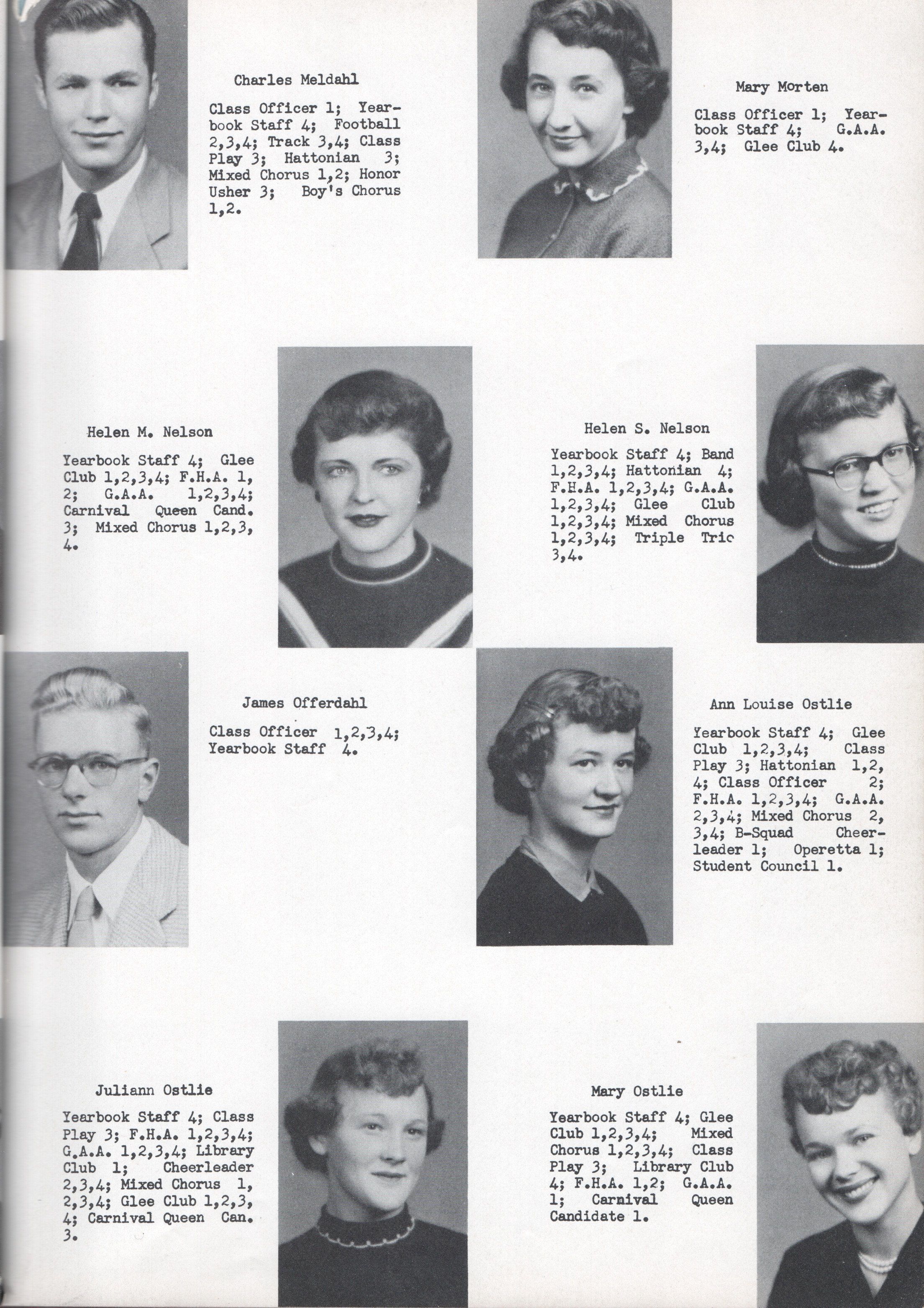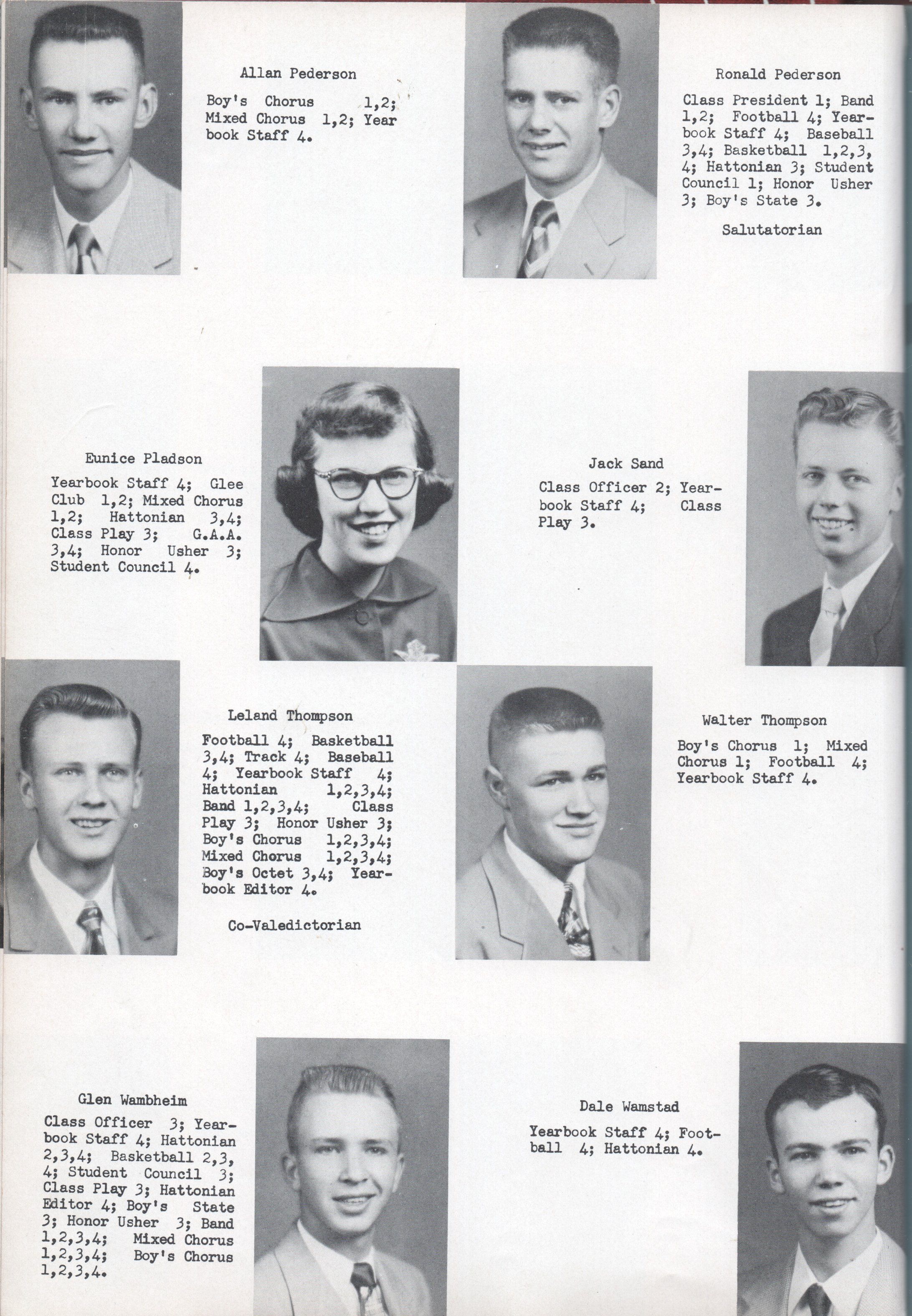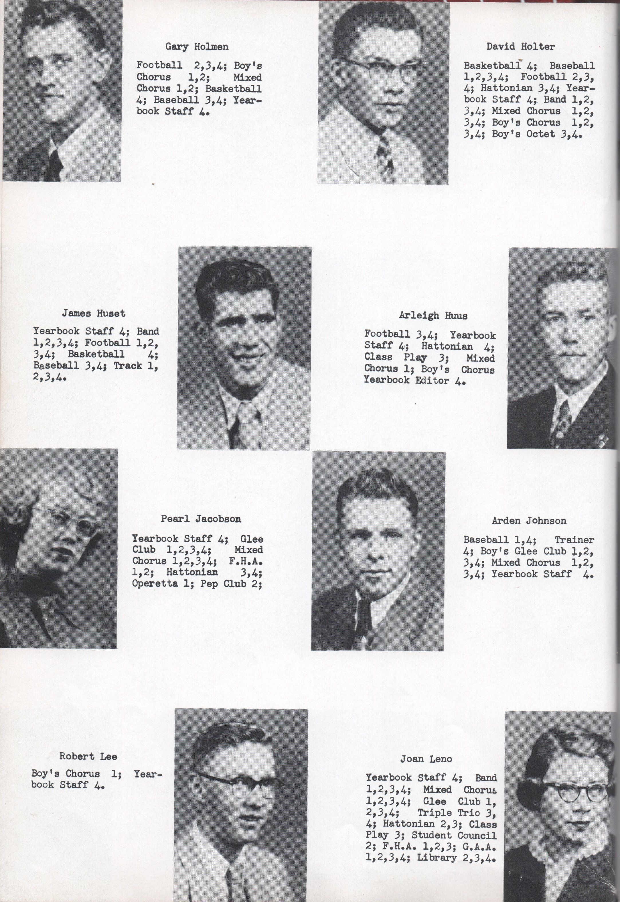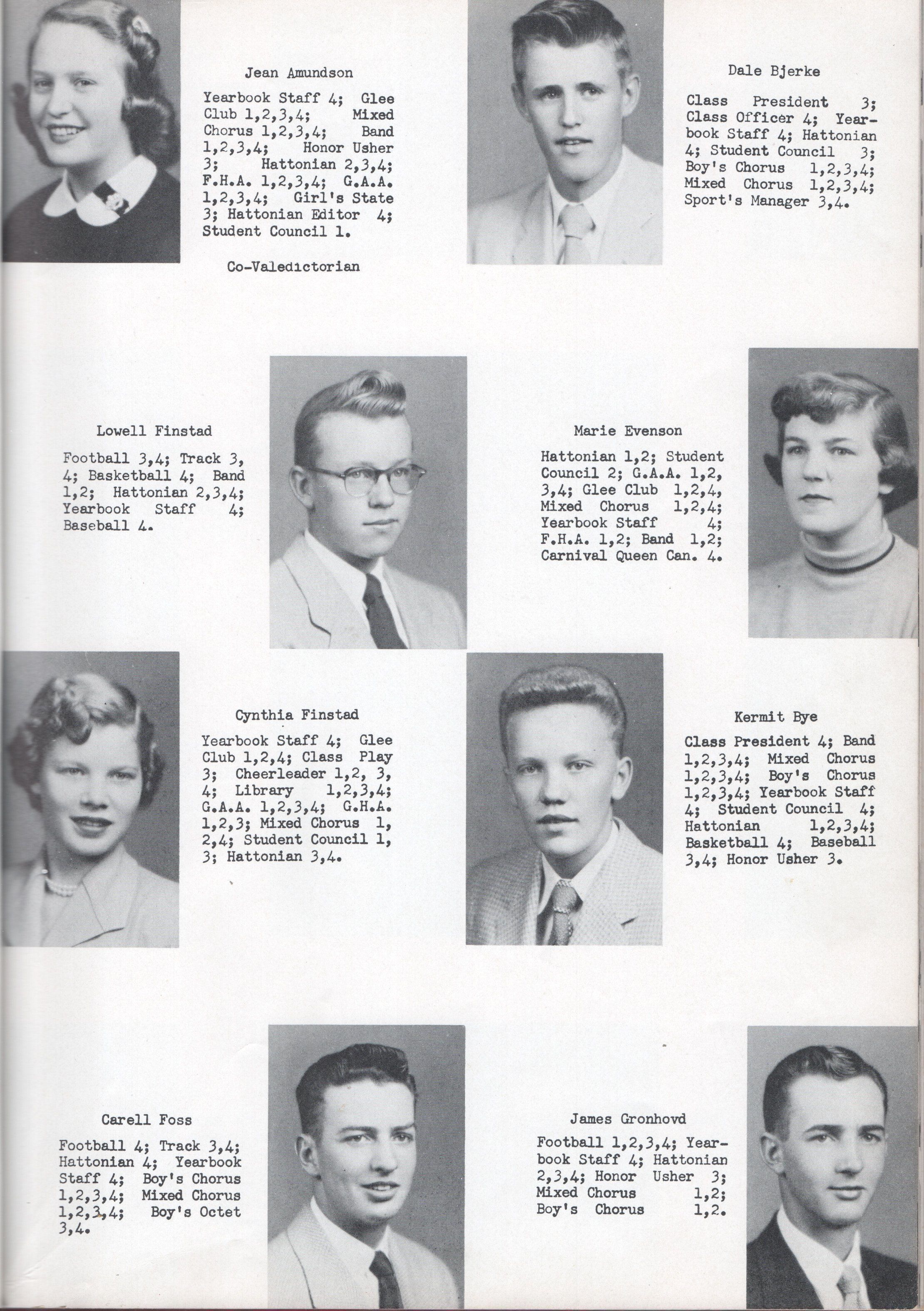 The 1954 yearbook includes four pages of Senior student photographs for: Jean Amundson, Dale Bjerke, Kermit Bye, Marie Evenson, Cynthia Finstad, Lowell Finstad, Carell Foss, James Gronhovd, Gary Holmen, David Holter, Arleigh Huus, James Huset, Pearl Jacobson, Arden Johnson, Robert Lee, Joan Leno, Charles Meldahl, Mary Morten, Helen M. Nelson, Helen S. Nelson, James Offerdahl, Ann Louise Ostlie, Juliann Ostlie, Mary Ostlie, Allan Pederson, Ronald Pederson, Eunice Pladson, John 'Jack' Sand, Leland Thompson, Walter Thompson, Glen Wambheim, and Dale Wamstad.
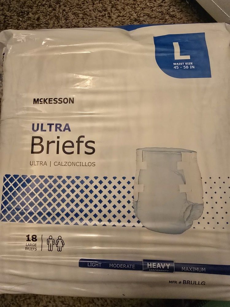 Incontinence briefs. Size L. I have 5 packs of 18 total. You can buy 1 or all 5.
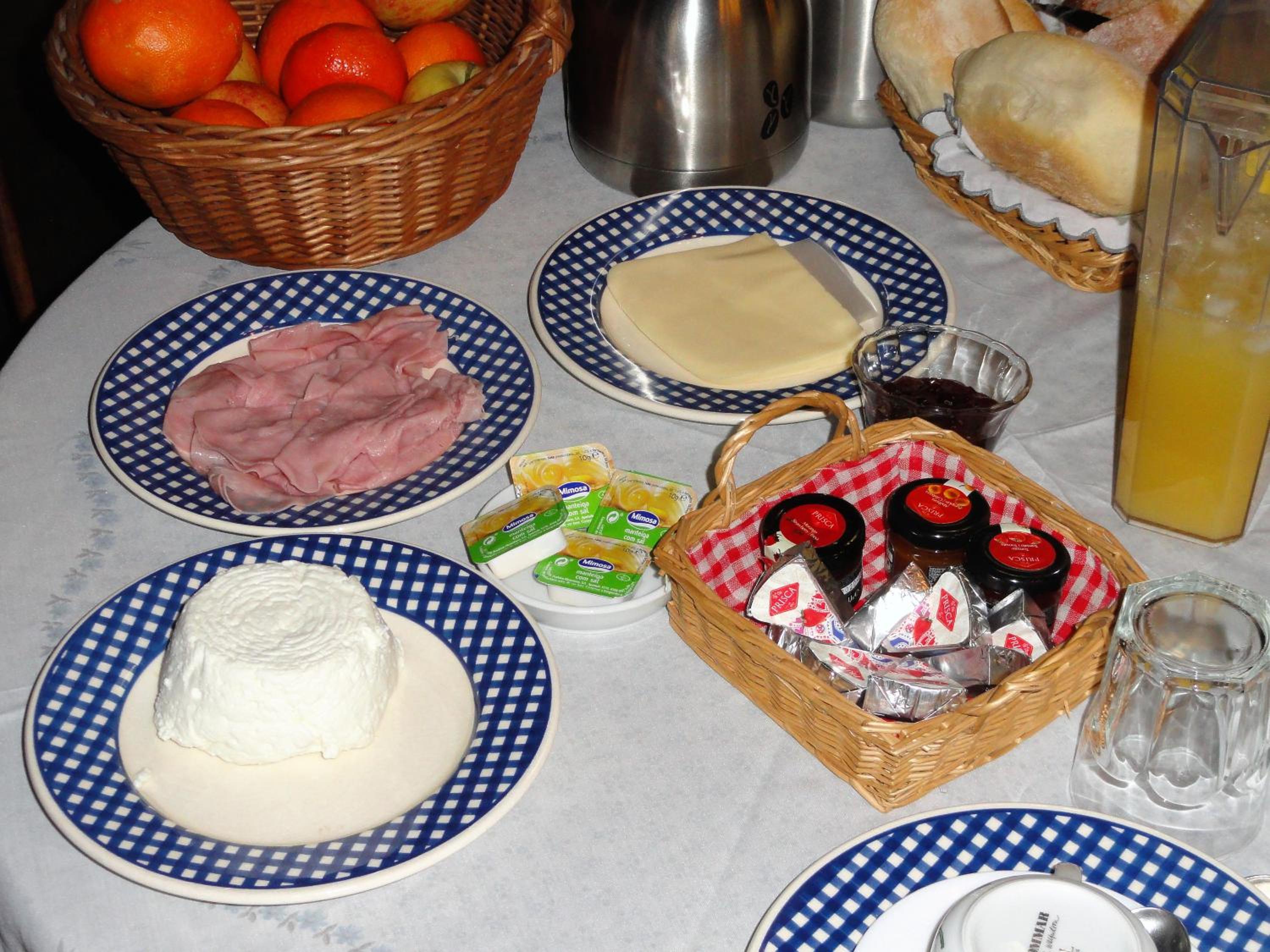 Breakfast was delightful! Every morning, there was fresh, crispy bread that paired perfectly with hot coffee. We also had delicious ham and cheese, and to top it off, there was fresh orange juice. It was such a great spread.
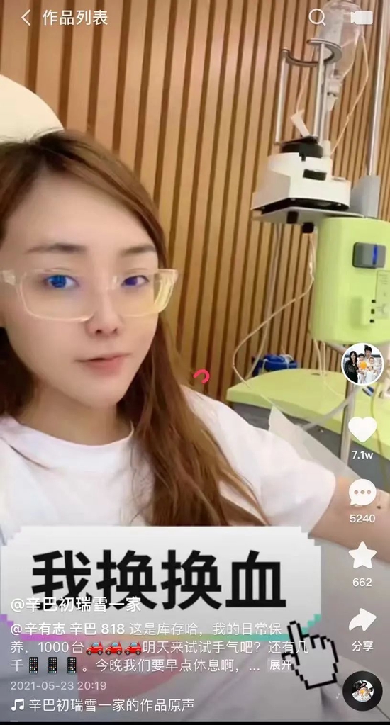 此前韩国影星宋智孝就曾在节目中向观众展示自己的“换血美容”;拥有超3000万粉丝的女网红、快手一哥辛巴的太太也在视频分享中展示过这一“保养”方法;医美平台新氧上也有人分享,表示“采取DFPP血液净化,改善身体机能,降低血糖以及血压值,清洁过滤血液中的杂质和脂肪。降低动脉硬化风险从而预防心梗和脑梗。”
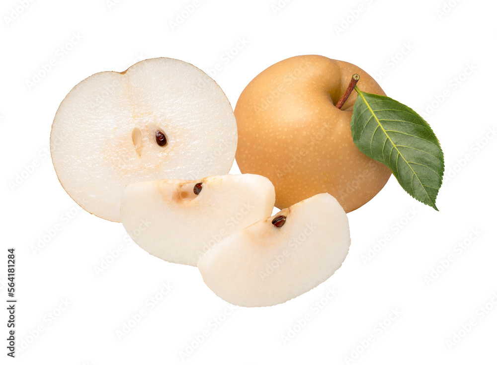 Premium Korean Sweet Pear on white background, Korean Snow pear or Shingo pear on white background PNG File.

• **EXERCISE**
Starting at the line above with "Incontinence briefs. Size", output every line exactly up to and including the line with "此前韩国影星宋智孝就曾在节目", but none of the pictures.

• **EXPECTED OUTPUT**
 Incontinence briefs. Size L. I have 5 packs of 18 total. You can buy 1 or all 5.
 Breakfast was delightful! Every morning, there was fresh, crispy bread that paired perfectly with hot coffee. We also had delicious ham and cheese, and to top it off, there was fresh orange juice. It was such a great spread.
 此前韩国影星宋智孝就曾在节目中向观众展示自己的“换血美容”;拥有超3000万粉丝的女网红、快手一哥辛巴的太太也在视频分享中展示过这一“保养”方法;医美平台新氧上也有人分享,表示“采取DFPP血液净化,改善身体机能,降低血糖以及血压值,清洁过滤血液中的杂质和脂肪。降低动脉硬化风险从而预防心梗和脑梗。”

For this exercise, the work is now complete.